The Silk Road routes were established during the Han Dynasty, which opened trade to the West in 130 BC, and they lasted until 1453 AD, when the Ottoman Empire boycotted trade with China and closed them. The Han extended the Great Wall of China to protect the movement of Chinese goods along the Silk Road.
The Maritime Silk Road was a network of shipping lines from the Red Sea to East Africa, India, China, and Southeast Asia. The network consisted of ship routes in two general directions: the East China Sea and the South China Sea.
The East China Sea routes connected the Chinese mainland to the northeast Asian regions of the Liaodong peninsula, the Korean peninsula, and the Japanese islands. The South China Sea route headed down, then up, through the Malacca Straits into the Bay of Bengal, opening up China to the coasts of the Indian Ocean, the Red Sea, the Persian Gulf and the African continent.
These shipping lanes are still in use.
Global trades routes are shifting Part 1 — Richard Mills
Central Asia and China are a natural fit.

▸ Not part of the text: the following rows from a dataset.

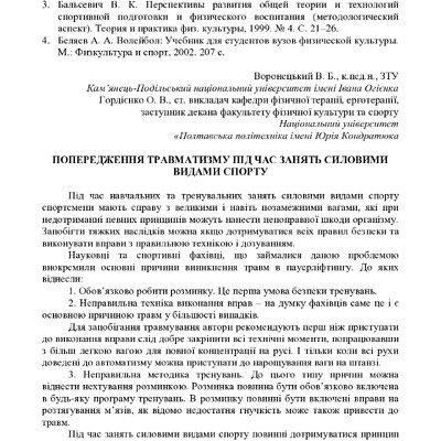 Стаття 2025/12/18Попередження травматизму під час занять силовими видами спорту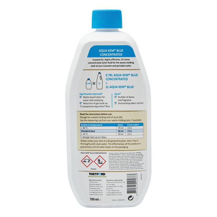 - Concentrated toilet fluid for waste holding tank. Significantly improved waste liquefication for easier tank emptying. Significantly improved reduction of gas build up. Outstanding odour control. Convenient small bottle. Dose 60ml per 20L waste holding tank capacity and add 2 - 3 L of water. lasts up to 5 days
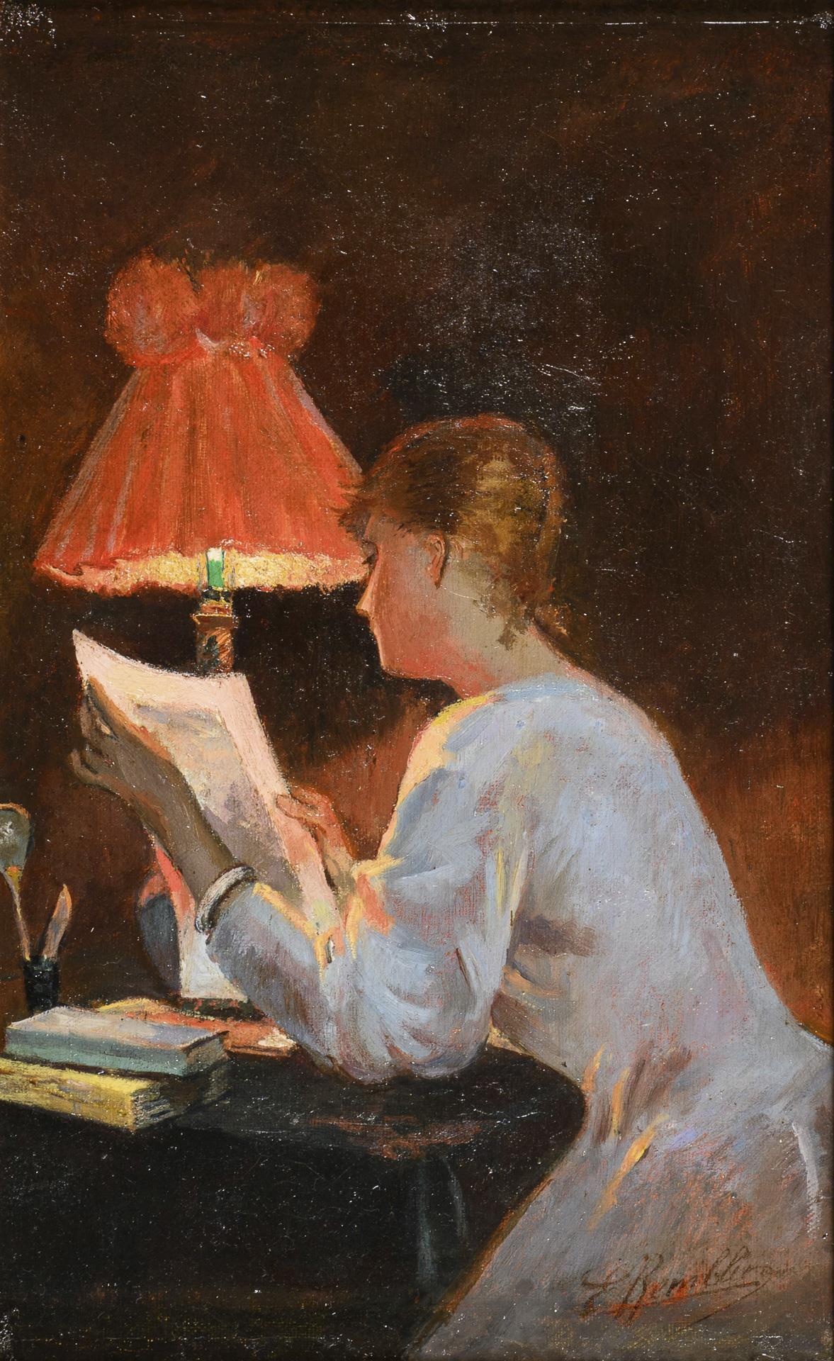 Young woman reading by the light of a lamp. Two restored areas with additional pieces of canvas.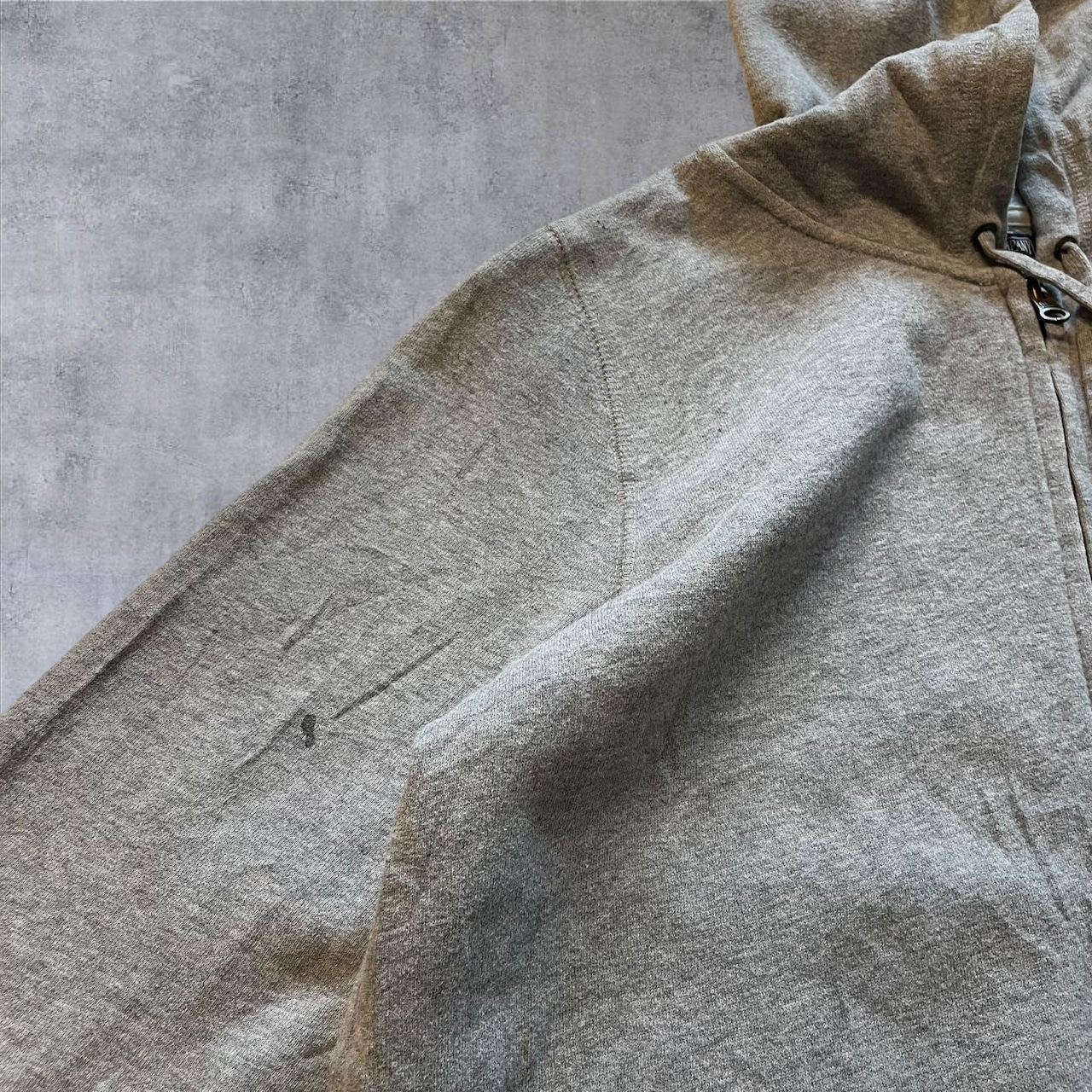 袖部分に小さな汚れがありますが、着用時に大きく目立つものではなく、古着ならではの風合いとして楽しめる状態です。
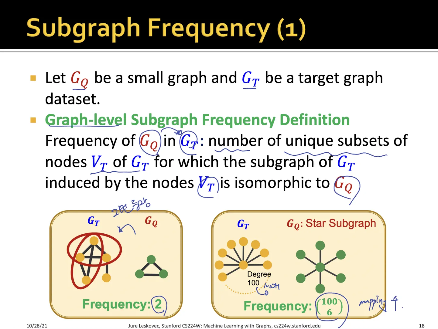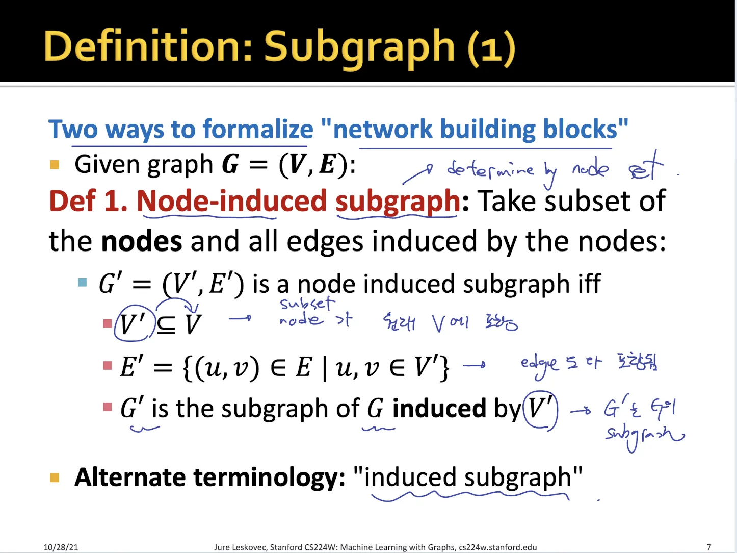 Node-induced subgraph : subgraph node가 target graph node에 포함되고, edge들도 다 포함되는 경우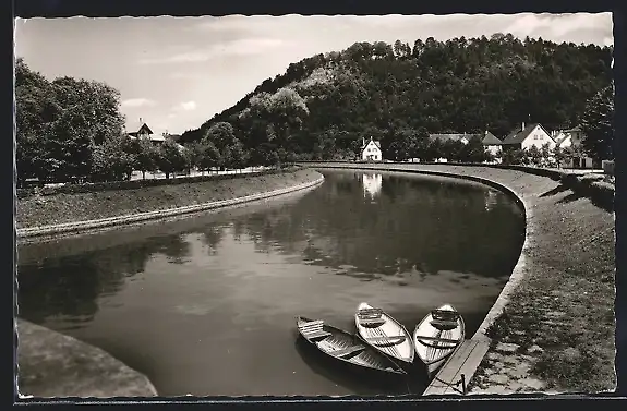 AK Sulz /Neckar, Ruderboote auf dem Fluss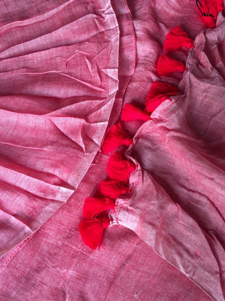 This saree is softness turned into a saree. The gentle pink mul cotton drapes like a whisper, light, airy and effortlessly comforting - perfect for long days, warm afternoons, and moments when you want to feel quietly radiant.
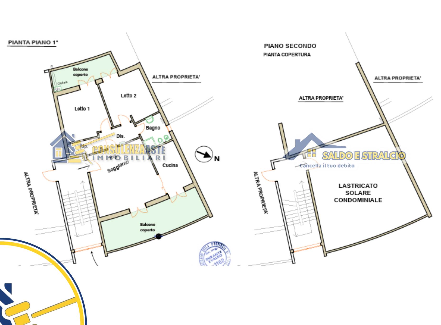 Si sviluppa al piano primo. L'immobile risulta così composto: soggiorno-pranzo, cucina, due camere da letto, bagno e ripostiglio, per una superficie di 104 mq., oltre a due balconi di 25 mq. e 9 mq.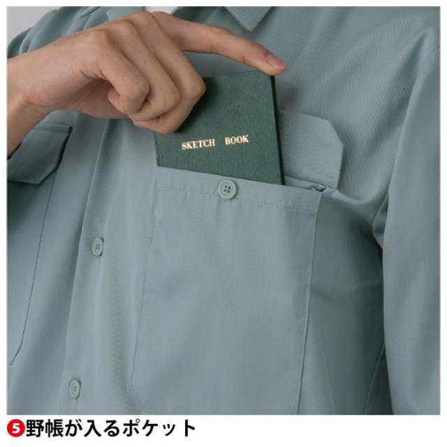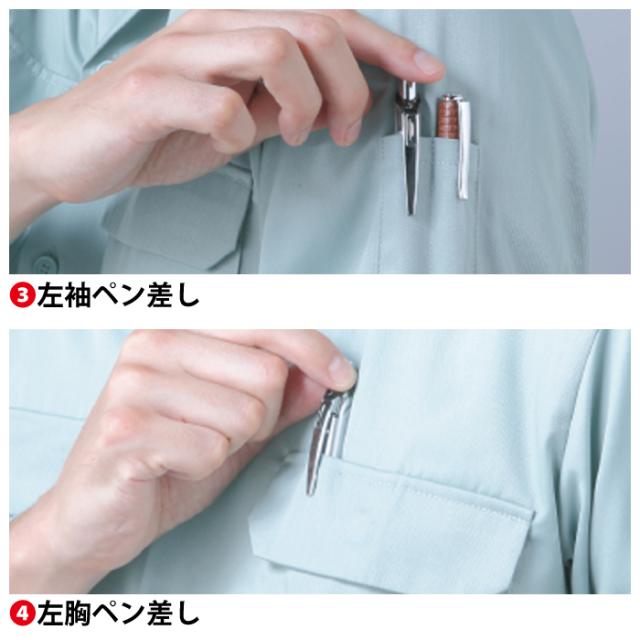 ◇JIS帯電防止規格合格・エコマーク対応・帯電防止素材使用・防汚加工・消臭効果・デオドラントネーム・ボタン止めループ・左袖ペン差し・左胸ペン差し・野帳が入るポケット・樹脂穴ボタン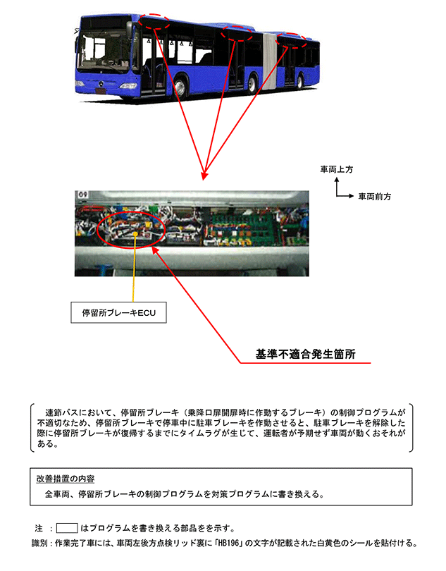 連節バスにおいて、停留所ブレーキ(乗降口扉開扉時に作動するブレーキ)の制御プログラムが不適切なため、停留所ブレーキで停車中に駐車ブレーキを作動させると、駐車ブレーキを解除した際に停留所ブレーキが復帰するまでにタイムラグが生じて、運転者が予期せず車両が動くおそれがある。 | ||

The area is rich in natural resources especially oil and gas that China needs to keep its economy running at full tilt. Remember that China is resource-hungry but resource-poor.
With China’s backing, oil and gas pipelines have been built from hydrocarbon-rich countries like Turkmenistan, Uzbekistan and Kazakhstan that all now flow east towards China. From these three countries, China now imports around 15% of its natural gas demand, greatly helping Beijing in overcoming its heavy reliance on more vulnerable liquefied natural gas imports coming by sea through the Malacca Strait, RealLifeLore points out.
With its massive and still-growing capital and industrial base, China has also overtaken Russia in terms of trade volumes with all of the Central Asian states since the collapse of the Soviet Union.
This is why Turkmenistan, Uzbekistan and Tajikistan never joined Russia’s Eurasian economic union, Moscow’s version of the European Union consisting of former Soviet states. Instead all three more heavily participate with China’s Belt and Road Initiative.
Geographic control over Central Asia has been an imperative foreign policy goal of Moscow’s for centuries because it contains yet another of the most major historical invasion routes into the flat Eurasian Steppe.
China’s objectives in Central Asia span far beyond simply acquiring the regions’s rich hydrocarbons. China also wanted to stabilize its turbulent Xinjiang province, a region racked by internal violence and instability fueled by ethnic and religious differences from the majority Han Chinese government. By the early 2010s the instability in Xinjiang had reached a boiling point and the Chinese Communist party decided to respond with harsh repression. In 2012 the Chinese People’s Armed Police established a permanent presence across the border in Tajikistan. Their objective was to stop the spread of Islamist militants and arms flowing into in Xinjiang from Afghanistan and Pakistan.
But Tajikstan was also a member of the CSTO military alliance led by Moscow and it never asked the Russians for permission. The fact that a supposed CSTO member and former Soviet republic had secretly granted another foreign power access to deploy military bases on its territory was a severe affront for the Russians. RealLifeLore explains:
In a sign of their growing displacement in Central Asia at the hands of the Chinese, for now Russia has little other choice but to accept the new reality in the region and Beijing’s emerging supremacy.
Moscow’s more important focus is on their perceived fight against the West across the European plain and losing influence and ground in Central Asia to China appears a price they are willing to pay in order to maintain that focus.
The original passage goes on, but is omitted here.